Source: Bloomberg News | 2012-10-29 | NEWSPAPER EDITION
AIR China Ltd has scrapped a planned share sale and is preparing its first debt offering in more than three years, capping a 10-month period in which bond sales were almost 25 times greater than stock issuance.
The country's biggest carrier by market value will offer 6 billion yuan (US$961 million) of seven-year securities on Wednesday, a company filing showed. It last sold 3 billion yuan of 3.48 percent 2014 paper in March 2009, according to data compiled by Bloomberg News. China National Aviation Holding Co, the parent of the carrier, also plans to sell 1 billion yuan of three-year notes today.
Premier Wen Jiabao's calls to expand the market drove a 64 percent increase in bond sales to 3.18 trillion yuan, while equity issuance dropped 55 percent to 129 billion yuan as the world's second-largest economy slowed. Yields on top-rated companies' 10-year notes fell 10 basis points to 5.08 percent this year, as the country's key stock index shed 4.5 percent. They dropped 44 basis points to 1.65 percent in the US, according to Bank of America Merrill Lynch indexes.
"Air China's moves show a trend that the bond market has become increasingly popular for fundraising over the equity market," Zhou Meng, a Shanghai-based analyst at Shenyin & Wanguo Securities Co, said in a phone interview last Wednesday. "It's a good time for airlines, shipping companies and rail builders to tap the bond market as borrowing costs are lower."
Air China announced the planned sale two days after scrapping a planned private stock offering.

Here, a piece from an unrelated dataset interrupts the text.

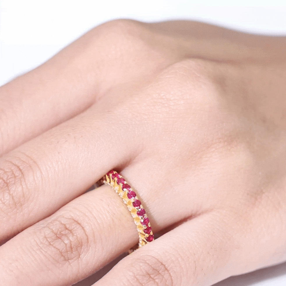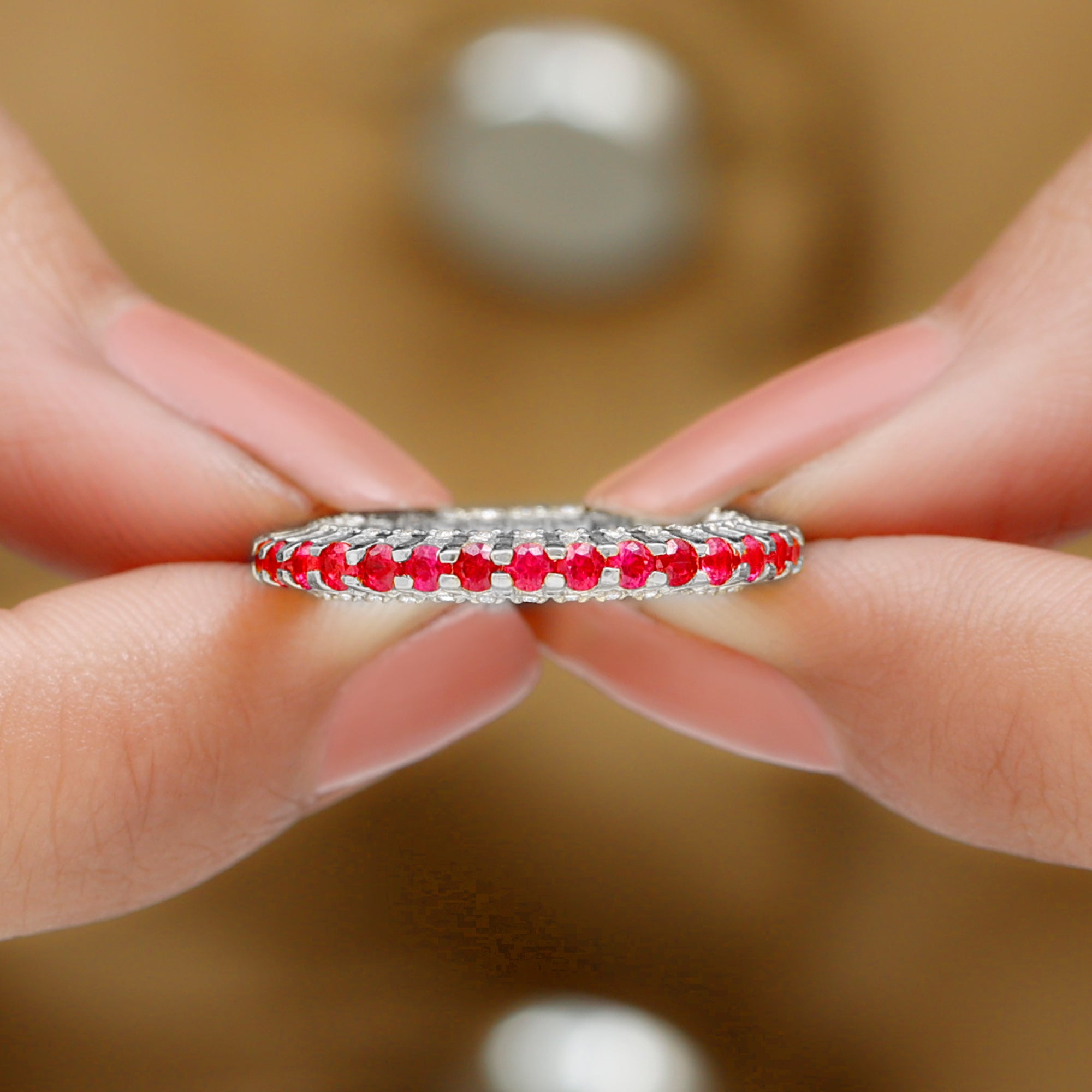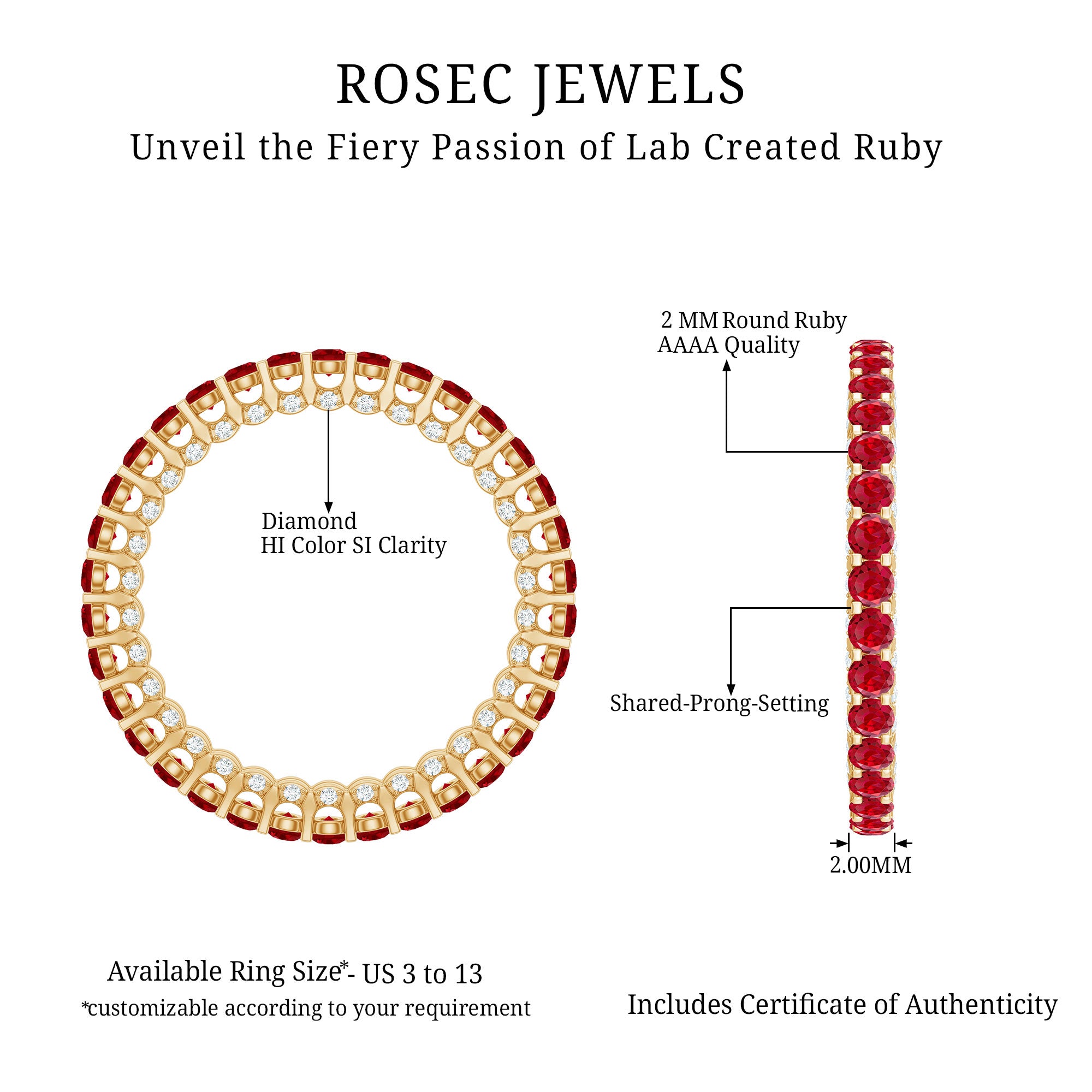 1.75 CT Round Shape Lab Grown Ruby and Diamond Eternity Wedding Band

It has also yet to complete a 1.05 billion yuan share sale to its state-owned parent and the timing for a second non-public equity offering isn't "ripe at the moment," it said in a filing to the Shanghai stock exchange on October 22. The Beijing-based carrier will use proceeds from the notes to repay bank loans and replenish working capital, according to separate company filings.
"The bond market has demand as the risk appetite is pretty low now with stocks falling," said Li Jun, a strategist at Central China Securities Co in Shanghai. "On top of that, the central government has encouraged bond sales to increase the proportion of direct financing."

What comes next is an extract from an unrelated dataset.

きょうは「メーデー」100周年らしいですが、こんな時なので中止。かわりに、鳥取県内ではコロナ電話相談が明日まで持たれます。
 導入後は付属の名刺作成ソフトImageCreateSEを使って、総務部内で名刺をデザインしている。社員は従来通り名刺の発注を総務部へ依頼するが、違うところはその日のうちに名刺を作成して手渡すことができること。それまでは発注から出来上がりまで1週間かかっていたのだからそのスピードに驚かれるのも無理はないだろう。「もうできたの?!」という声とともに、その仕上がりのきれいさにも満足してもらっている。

Equity sales in China have shrunk this year as the Shanghai Composite Index heads for a third-straight annual loss.
Shares of Air China have slumped 20 percent this year in Shanghai as high fuel prices have added to investor concerns.
The carrier won't resume discussions on the planned share sale within three months, it said in the October 22 filing, without identifying the size or potential buyers. Air China company secretary Rao Xinyu declined to comment on why it canceled the plan in an e-mailed response.

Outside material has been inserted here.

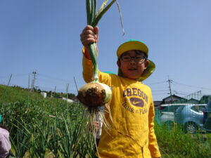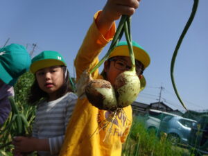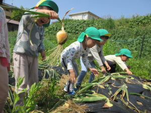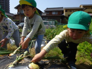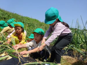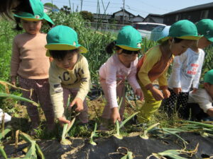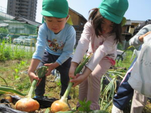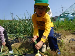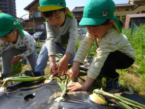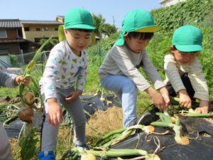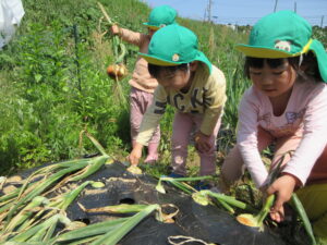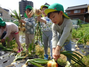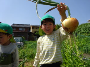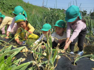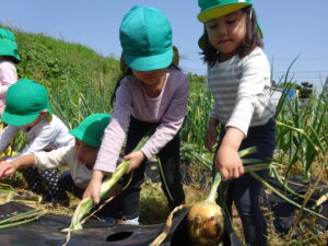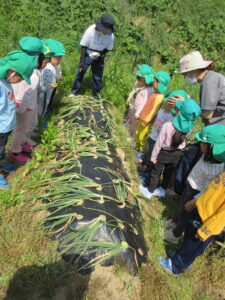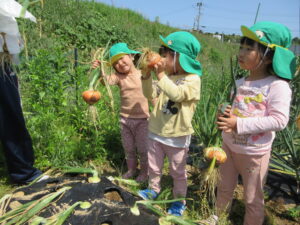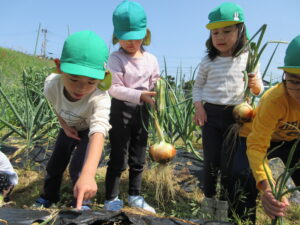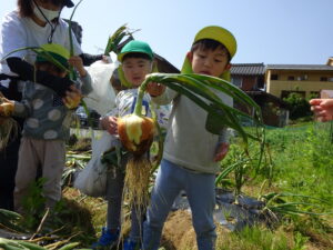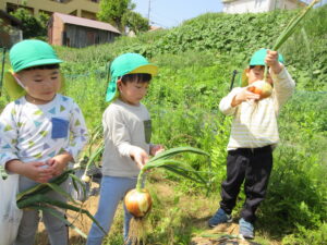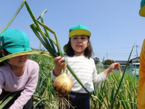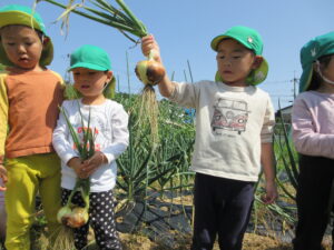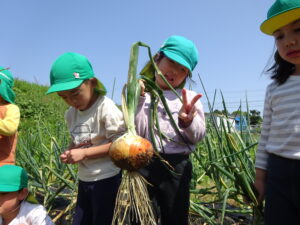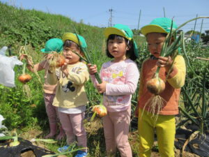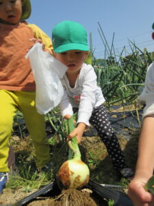 2023.05.17 玉ねぎ収穫☆きりん組(5/17) 今日は畑に行き、玉ねぎの収穫をしました。玉ねぎからなが~い根っこが伸びていて、ひっぱってもひっぱってもなかなか動かない玉ねぎさん。精一杯の力を込めて、収穫を楽しみました。大きな玉ねぎ、赤ちゃん玉ねぎ、ハートの形の玉ねぎ…♡色々な形の玉ねぎがありました。食べるのも楽しみにしている子どもたちです。 「玉ねぎ、とるぞ~!」 ハートみたい…♡ とれた~! とれました!ピース♡ 「あっ、カメムシだ!」 < 前の記事へ | 次の記事へ >

The yield on Air China's September 2015 notes has climbed 17 basis points this month to 6.44 percent, compared with the benchmark 10-year government bond yield's 11 basis-point increase to 3.57 percent.
Five-year credit-default swaps protecting sovereign notes fell 2 basis point to 71 yesterday, according to data provider CMA. The contracts pay the buyer face value in exchange for the underlying securities if an issuer fails to adhere to its debt agreements.
Air China's long-term debt is 1.3 times its equity, higher than an average for its peers of 0.92 times, according to data compiled by Bloomberg News. The carrier plans to spend 57.1 billion yuan in the three years through 2014 on aircraft, construction of bases and pilot training, it said in the prospectus posted on China.money.cn last Wednesday.
Companies in China's transport sector have opted to tap the bond market because it is difficult to attract equity investors as earnings drop on the economic slowdown, Shenyin & Wanguo's Zhou said. China Shipping Development Co, a unit of the nation's second-largest shipper, sold 2.5 billion yuan of bonds in August.